It would be no more difficult to use - an (optional?) parameter would be added to Time.zone() and to timeSync(). The code to call a function in the Spark Cloud must already exist - as this is already done for other purposes - so I suggest the extra RAM on the Core is but a few bytes.
I haven’t seen the code but were it me I would make Time.zone() call timeSync() if it were passed a text param. I would enhance timeSync() to pass a param to the same Spark Cloud server function it already calls. The call that makes to determine GMT may already take a TZ param, if not there will be an alternate function to call. The time returned to the core would be GMT but with an extra value, the TZ offset already DST adjusted, and the offset would be stored exactly where Time.zone() stores the offset now. No other changes reqd. See, we already have a tech spec! [Slightly more elegant would be to return only the DST corrected time for the zone but this would require a few extra Core changes to the Time library.]

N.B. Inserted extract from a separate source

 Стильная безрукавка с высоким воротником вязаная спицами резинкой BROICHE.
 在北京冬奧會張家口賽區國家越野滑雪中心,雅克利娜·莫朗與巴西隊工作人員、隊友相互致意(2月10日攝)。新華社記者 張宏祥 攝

To implement a worldwide database on the Core? The Debian package tzdata (world wide DST start and end dates) has an installed size of 1700 bytes. But that is only the data! You have then to have program code which decodes that very compact data. And then several times a year one country or another changes its DST rules and the 1700 bytes has to be redistributed. There is no mechanism for that on Spark.
Even @bko’s small table and the code to read that will take a couple of hundred bytes out of precious RAM.